After moving to West Hollywood, California, Buck ran unsuccessfully for city council in 2007. He also served on the steering committee of the Stonewall Democratic Club. Buck donated more than $500,000 to political candidates and causes, almost all of them linked to the Democratic Party, including contributions to candidates Hillary Clinton, Ted Lieu, Pete Aguilar, Adam Schiff, and Raja Krishnamoorthi.

==Criminal investigations==
On July 27, 2017, a young African-American man named Gemmel Moore died in Buck's apartment. Paramedics found Moore, who had worked as an escort, naked on a mattress in the living room with a "male pornography movie playing on the television", according to a Los Angeles County coroner's report. A spokesman for the coroner's office, Ed Winter, said Buck was inside his Laurel Avenue home at the time of Moore's death and that drug paraphernalia was recovered from the scene. Police found sex toys, syringes, and "clear plastic bags with suspected methamphetamine in a tool box roll-cabinet in the living room", 24 syringes with brown residue, five glass pipes with white residue and burn marks, a plastic straw with possible white residue, clear plastic bags with white powdery residue, and a clear plastic bag with a "piece of crystal-like substance". Moore’s mother, LaTisha Nixon, skeptical of the claim that her son had accidentally overdosed, wrote an email to various newspapers and local TV news stations. She was introduced to Jasmyne Cannick, a local writer, activist and political candidate, by another reporter who thought Jasmyne could help her. The death was investigated by the Los Angeles County Sheriff's Department, and Los Angeles County District Attorney Jackie Lacey declined to charge Buck on July 26, 2018. Jasmyne Cannick criticized Lacey's decision, writing on Twitter that any further deaths at Ed's residence would be Lacey's responsibility.

Since the death of Gemmel Moore, multiple reports have indicated that Buck had a history of luring young, Black gay men to his apartment, where he would inject them with crystal methamphetamine for sexual gratification.

On January 7, 2019, another African-American man, 55-year-old Timothy Michael Dean (a part-time adult film actor known professionally as Hole Hunter), died at Buck's home. Following Dean's death, a coalition of 50 civil rights organizations released a statement calling on local law enforcement to conduct a thorough investigation of Buck's role in the incident and calling on elected officials to return all contributions received from Buck.

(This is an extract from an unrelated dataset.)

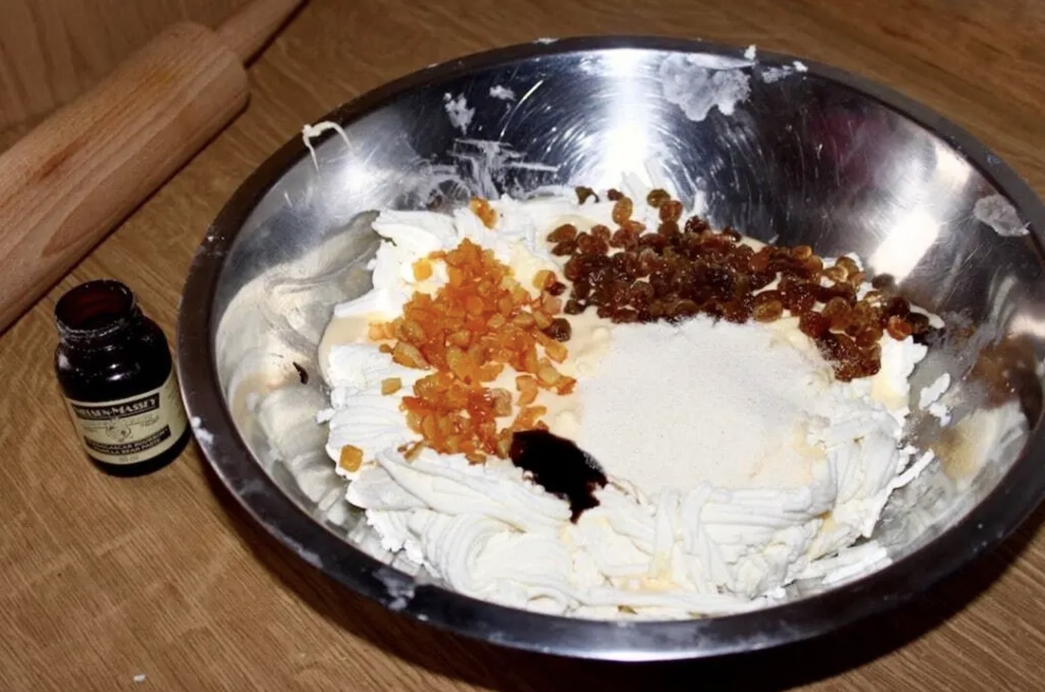Dodaj pastę waniliową/wanilię, kandyzowaną skórkę pomarańczową, namoczone rodzynki oraz 2 kopiaste łyżki grysiku (kaszy manny). Wymieszaj.

Buck was arrested on September 17, 2019, and charged with three counts of battery causing serious injury, administering methamphetamine and maintaining a drug house, according to the Los Angeles County district attorney's office. He was accused of having injected a 37-year-old man, who overdosed but survived, with methamphetamine on September 11.

On September 19, 2019, a federal charge of "one count of distribution of methamphetamine resulting in death" was added by the United States for the death of Gemmel Moore, who died on July 27, 2017. That death had originally been ruled an accidental methamphetamine overdose by the Los Angeles County Department of Medical Examiner-Coroner.

On August 4, 2020, a federal grand jury charged Buck with four additional felonies, bringing the total number of federal charges to nine counts. Buck was scheduled to go to trial on January 19, 2021, but the date was postponed to April 20, 2021, due to COVID-19-related considerations.

On July 27, 2021, Buck was convicted of nine federal charges, including the deaths of Gemmel Moore and Timothy Dean, maintaining a drug den, distributing methamphetamines, and solicitation of prostitutes. On April 14, 2022, Buck was sentenced to 30 years in prison.

==Personal life==
Buck came out to his parents as gay at the age of 16. He was the Grand Marshal of the 1989 International Gay Rodeo. Buck formerly lived near Piestewa Peak in Phoenix, Arizona. He moved to West Hollywood in 1991.